→ TASK DETAILS: Since pictures do not belong in the copy, please repeat every record below exactly without them.

--- RECORDS FOR THIS EXERCISE Enclosed Below ---

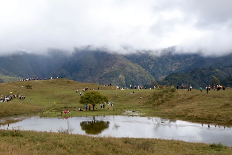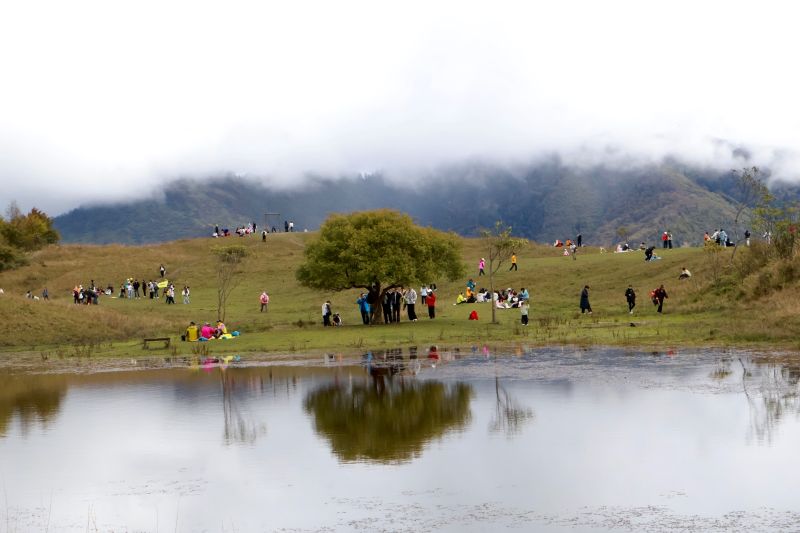 按照约定时间,在集合点集合签到,我们会准时出发,领队在车上会组织大家相互认识,一路欢声笑语。预计10:40到达下车点,乘坐中转车前往徒步起点(中转费往返30元/人,门票及清洁管理费14元/人),开始徒步,一路拾阶而上,欣赏草原景色的丰富,远看云雾缭绕。中午在山顶青草满地的高原海子边,就着淡淡的牛屎清香,享用自带豪华路餐,在蓝天下、白云里继续放飞自己,拍摄美照,玩够了原路返回,预计17:00上车回程。
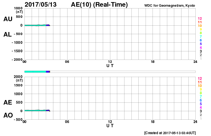 世界時5月13日のAE指数(速報値)。
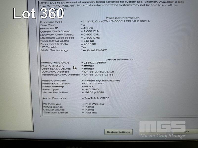 LAPTOP, DELL LATITUDE E7470, CORE i7 6600U (6TH GEN) @ 2.6GHz, 16GB DDR4 RAM, 512GB M.2 SSD, 14" WIDESCREEN (1920x1080), INTEL HD GRAPHICS 520, Wi-Fi, BLUETOOTH, WINDOWS 10 HOME INSTALLED (NO POWER SUPPLY) (NOTE: MARKS ON SCREEN) S/N:4QJ0RF2
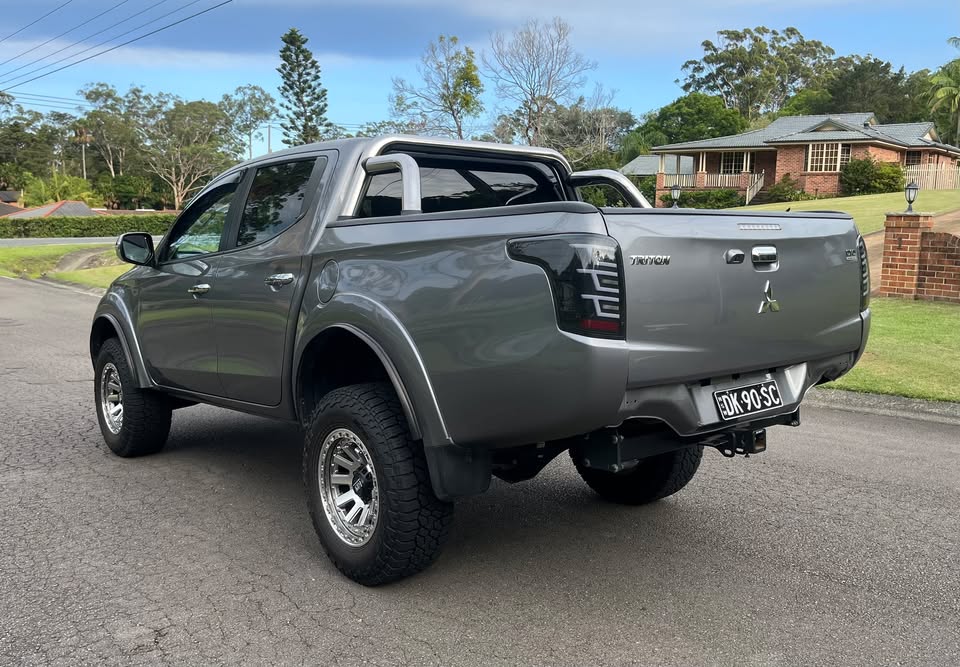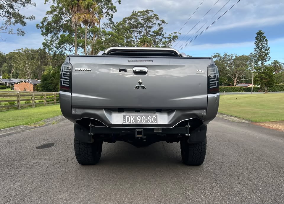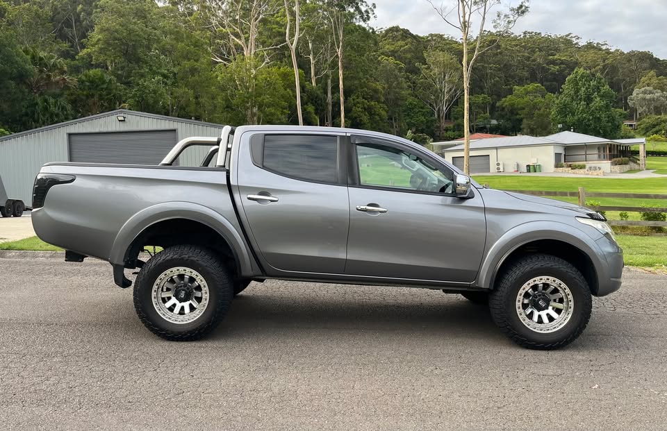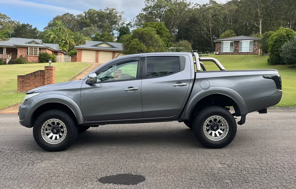 2016 Mitsubishi Triton Exceed – 178,000km, 2.4L MIVEC Turbo Diesel, 5-Speed Automatic, Grey, 4WD with high/low range. Features heavy-duty suspension, Super Select II 4WD with locking centre diff, factory rear locking diff, leather interior, Apple CarPlay, heated front seats, dual-zone climate control, Exceed DRL, 16–18” alloy wheels, sports bar, fog lights, side steps, tow bar (new wiring harness, never used), bed liner, roof rails (optional), 265/70/17 Falken Wildpeak AT3W tyres (90% tread), TruFit 3D mats front & rear, tinted windows, tinted weather shields & bonnet protector, SAAS throttle controller. Safety & convenience include reverse camera, rear parking sensors, multiple airbags, ABS with EBD, hill start assist, traction control, cruise control, keyless entry & push-button start. Tow capacity ~3,100kg braked. Well-equipped for off-road and everyday use.
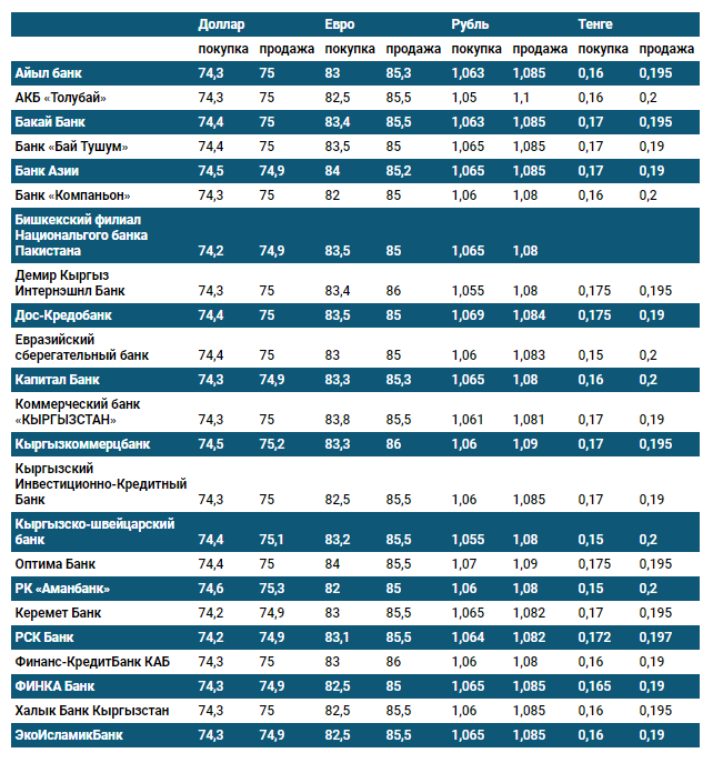 Курс доллара в коммерческих банках Кыргызстана на 16 июня
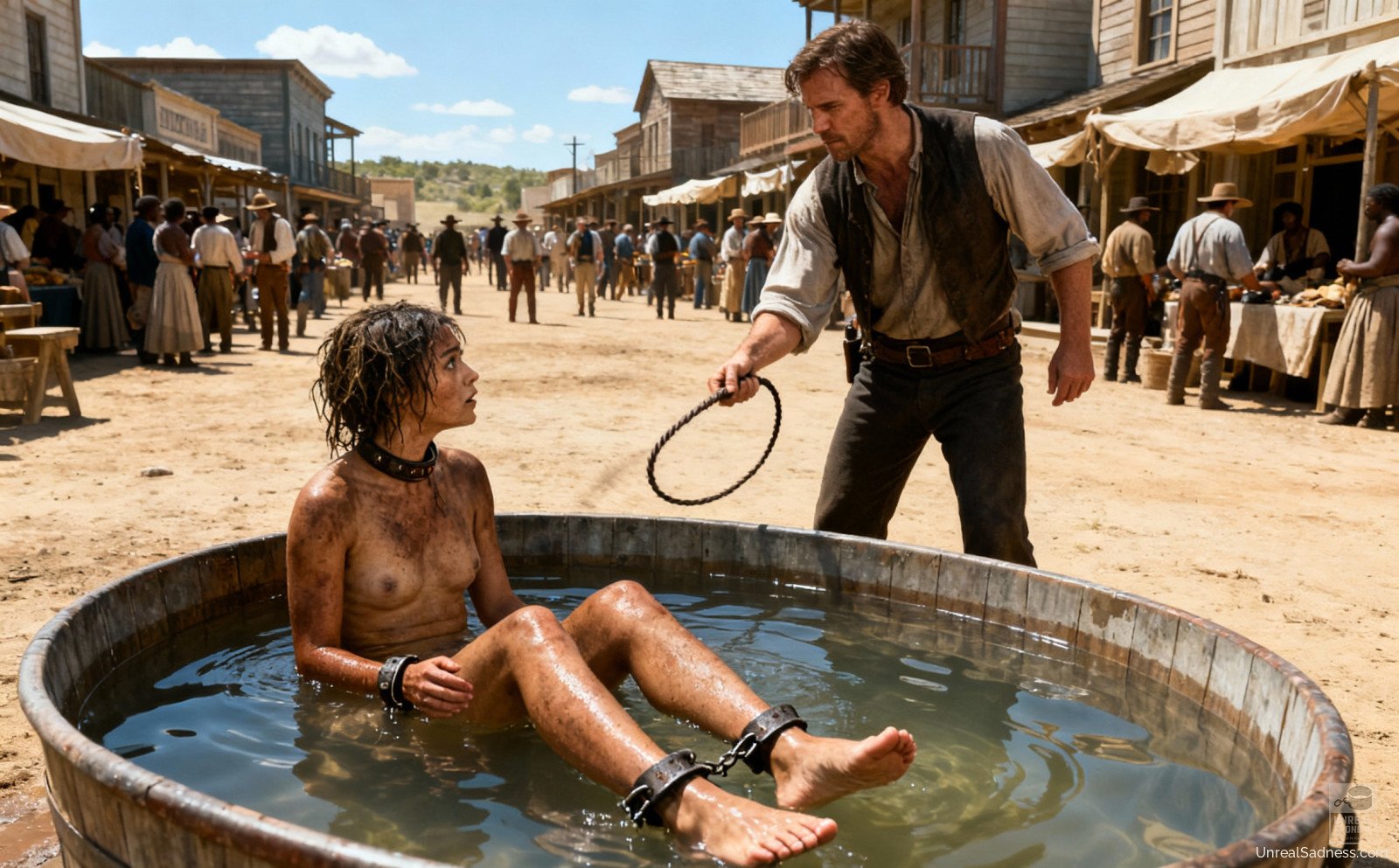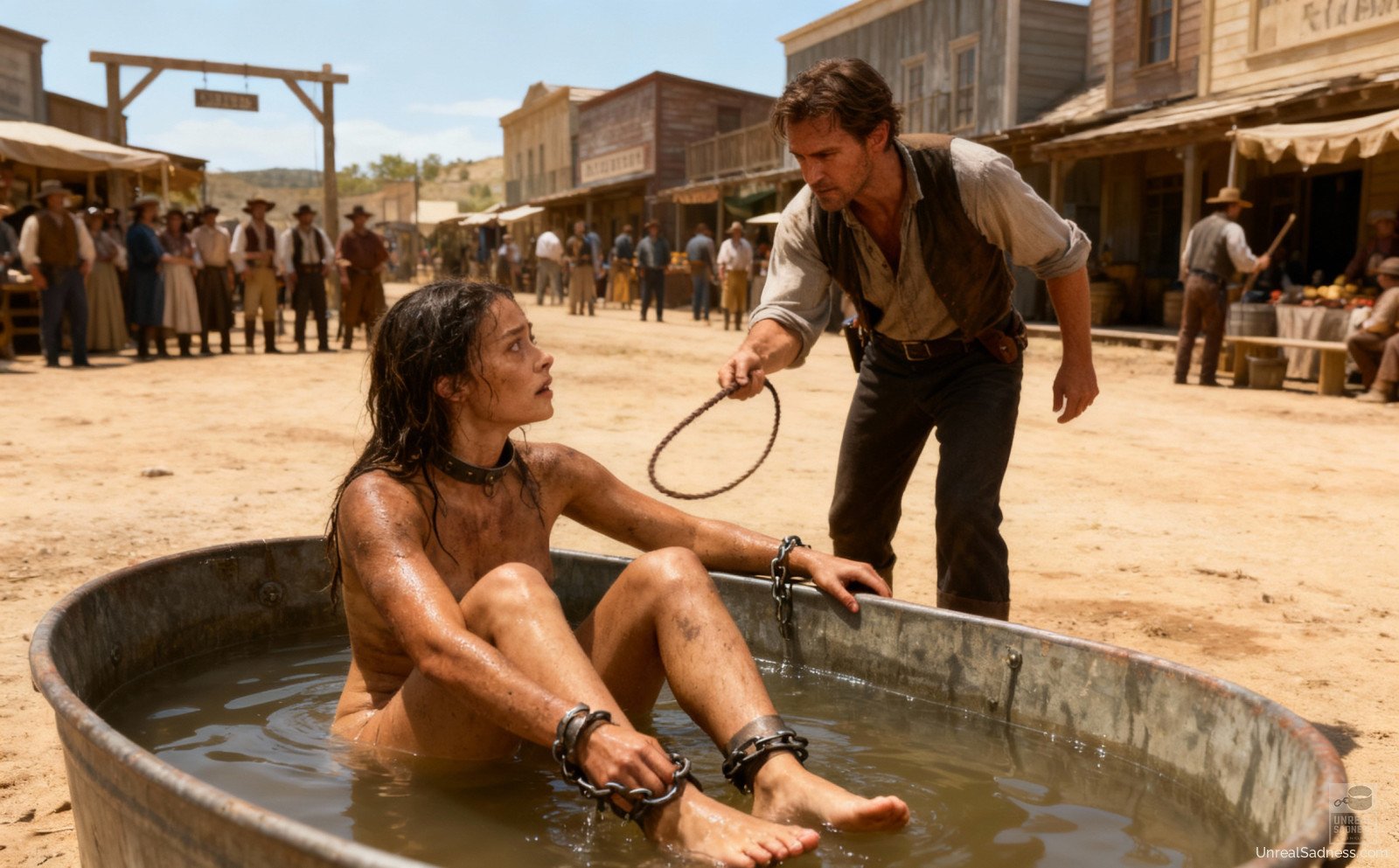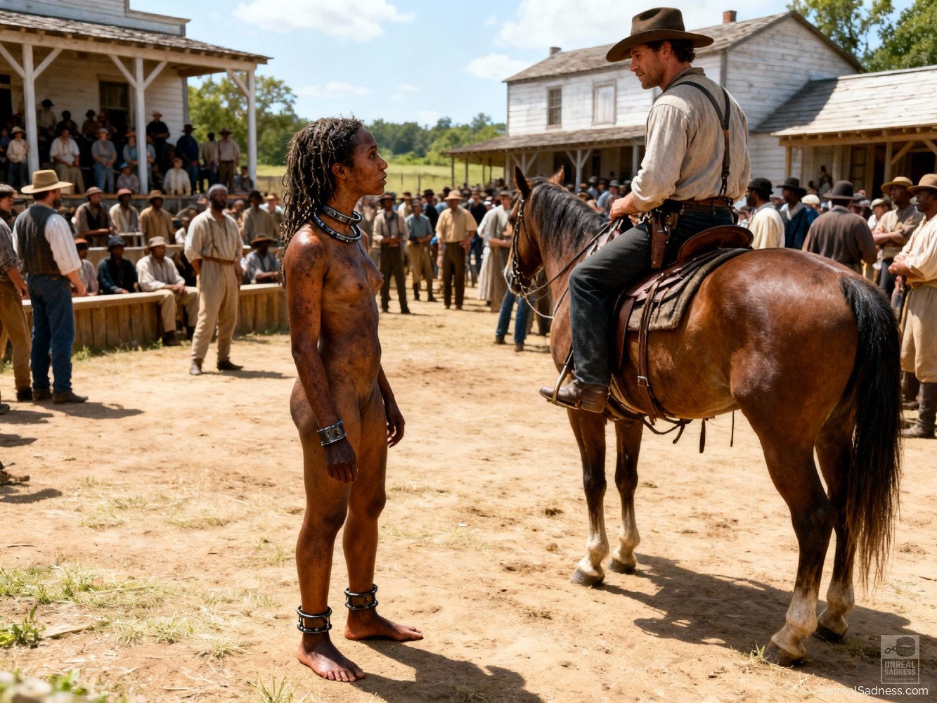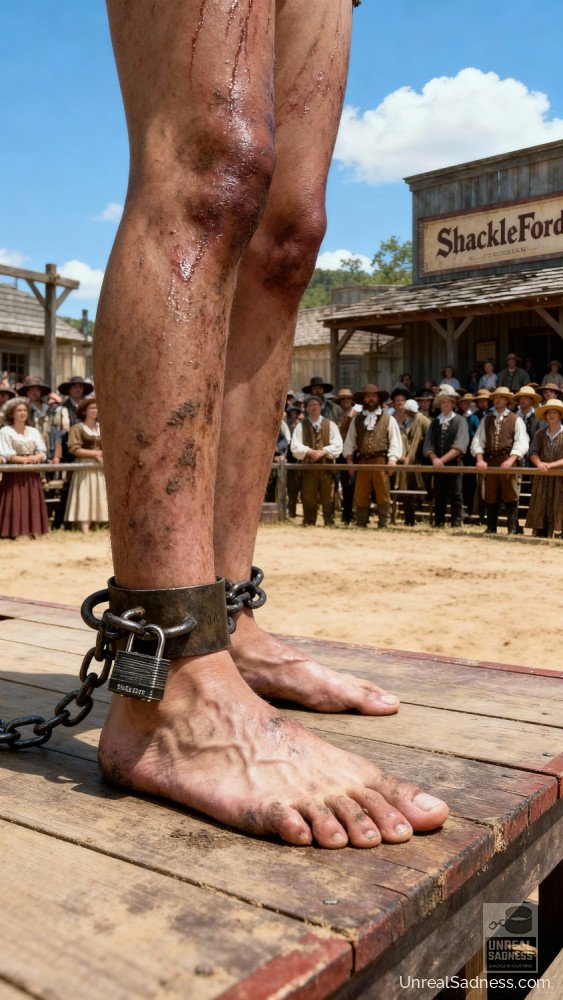 Bound to the auction post, she stands barefoot on the platform as the crowd gathers, weighing her fate in silence and whispers. Dust, heat, and watchful eyes press in from all sides while the bidders study every movement, every breath. In Shackleford, a life can change hands with a nod, a glance, a raised finger. This moment captures the fragile pause between fear, endurance, and whatever future waits beyond the final bid.

--- End of Enclosed RECORDS FOR THIS EXERCISE ---

→ TASK RESPONSE:
 按照约定时间,在集合点集合签到,我们会准时出发,领队在车上会组织大家相互认识,一路欢声笑语。预计10:40到达下车点,乘坐中转车前往徒步起点(中转费往返30元/人,门票及清洁管理费14元/人),开始徒步,一路拾阶而上,欣赏草原景色的丰富,远看云雾缭绕。中午在山顶青草满地的高原海子边,就着淡淡的牛屎清香,享用自带豪华路餐,在蓝天下、白云里继续放飞自己,拍摄美照,玩够了原路返回,预计17:00上车回程。
 世界時5月13日のAE指数(速報値)。
 LAPTOP, DELL LATITUDE E7470, CORE i7 6600U (6TH GEN) @ 2.6GHz, 16GB DDR4 RAM, 512GB M.2 SSD, 14" WIDESCREEN (1920x1080), INTEL HD GRAPHICS 520, Wi-Fi, BLUETOOTH, WINDOWS 10 HOME INSTALLED (NO POWER SUPPLY) (NOTE: MARKS ON SCREEN) S/N:4QJ0RF2
 2016 Mitsubishi Triton Exceed – 178,000km, 2.4L MIVEC Turbo Diesel, 5-Speed Automatic, Grey, 4WD with high/low range. Features heavy-duty suspension, Super Select II 4WD with locking centre diff, factory rear locking diff, leather interior, Apple CarPlay, heated front seats, dual-zone climate control, Exceed DRL, 16–18” alloy wheels, sports bar, fog lights, side steps, tow bar (new wiring harness, never used), bed liner, roof rails (optional), 265/70/17 Falken Wildpeak AT3W tyres (90% tread), TruFit 3D mats front & rear, tinted windows, tinted weather shields & bonnet protector, SAAS throttle controller. Safety & convenience include reverse camera, rear parking sensors, multiple airbags, ABS with EBD, hill start assist, traction control, cruise control, keyless entry & push-button start. Tow capacity ~3,100kg braked. Well-equipped for off-road and everyday use.
 Курс доллара в коммерческих банках Кыргызстана на 16 июня
 Bound to the auction post, she stands barefoot on the platform as the crowd gathers, weighing her fate in silence and whispers. Dust, heat, and watchful eyes press in from all sides while the bidders study every movement, every breath. In Shackleford, a life can change hands with a nod, a glance, a raised finger. This moment captures the fragile pause between fear, endurance, and whatever future waits beyond the final bid.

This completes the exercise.